Thursday, 7 January 2010

New UK Blog Party: January "My favourite bitter"

Following the success of the Herbwifery Forum's International blog party, we thought we would try to start a similar party for UK blog users.

The idea is to write a short article on a given subject, post it on your blog and send the link to the person who is hosting the party. Debs Cook, Herb Society webmistress and Council Member, has offered to host the first party on her blog, Herbaholics Herbarium. It's Debs' birthday today, so you may want to drop by her blog and send her some birthday greetings.

You don't have to be a qualified herbalist or even experienced in herbs to take part in the blog party, what we want is your experience and your stories.

This month's party is all about bitters. What are they? What's your favourite bitter? What happened the first time you ever tasted a bitter? (Sorry, I'm talking about the herbal kind, not John Smith's or Black Sheep, but you can talk about hops!)

All you have to do to join the party is to write your post and send the link by 20th January to Debs at debs at herbal-haven dot co dot uk.

Happy blogging!

3 comments:

Amanda Baker said...

I'm now intrigued about Angostura bitters, after our brief chat on Saturday!

"The recipe was developed as a tonic by German Dr. Johann Gottlieb Benjamin Siegert, a Surgeon General in Simon Bolivar's army in Venezuela, who began to sell it in 1824."

Intriguing, as you said!
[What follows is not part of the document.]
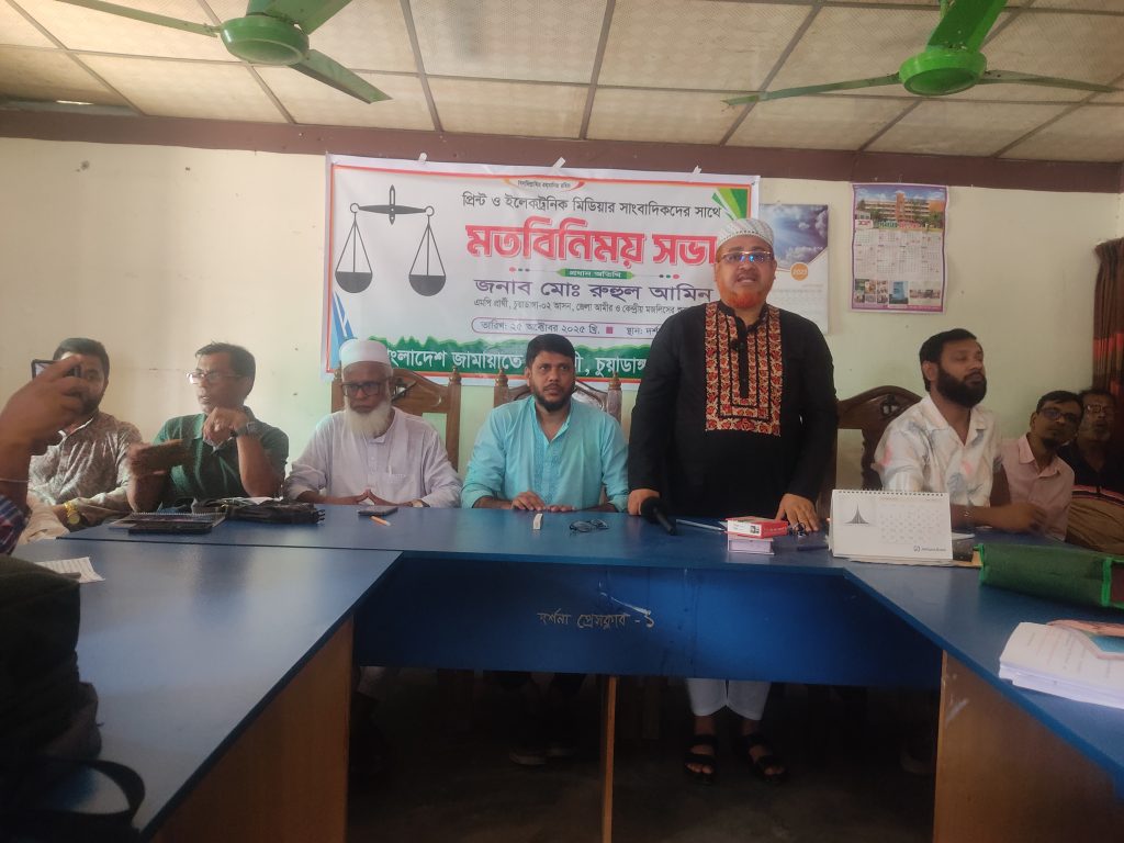 চুয়াডাঙ্গা জেলা জামায়াতে ইসলামের আমীর ও চুয়াডাঙ্গা-২ আসনের এমপি প্রার্থী রুহুল আমিন প্রিন্ট ও ইলেকট্রনিক মিডিয়ার সাংবাদিকদের সঙ্গে মতবিনিময় করেছেন। গতকাল শনিবার দুপুর ১২টার দিকে দর্শনা প্রেসক্লাবে এ সভা অনুষ্ঠিত হয়। পবিত্র কুরআন তেলাওয়তের মাধ্যমে মতবিনিময় সভা শুরু করা হয়। সভায় সভাপতিত্ব করেন দর্শনা থানা জামায়াতের সাধারণ সম্পাদক মাহবুবুর রহমান টুকু।

Apparently, Angostura means 'narrows' was the founding name of Bolivar City, on the Orinoco - but the company is based in Trinidad.

It seems that it definitely doesn't contain angostura bark, and definitely does contain gentian root, and otherwise, all is secret!

Amanda Baker said...

Tangential, but following Martin's comment yesterday about nettle seeds being good in porridge ... I got out my jar of Leafu powder (http://www.leafcycle.co.uk/healthpromoting.htm - Of nettle leaf curd powder: "Apart from carbohydrate, vitamin B12 and vitamin C most of the major and minor nutrients we need are present,") and he's right.

It gave a slight green tinge to the porridge (made with water, and - shockingly, if your Scottish - sweetened with a little sugar), and a mild green flavour ...

Sarah said...

Hi Amanda

The article I referred to yesterday about Angostura bitters can be found at http://bearmedicineherbals.com/?p=459 if you want to do some more research.

Good luck with your green porridge - it certainly worked wonders for me when I needed it!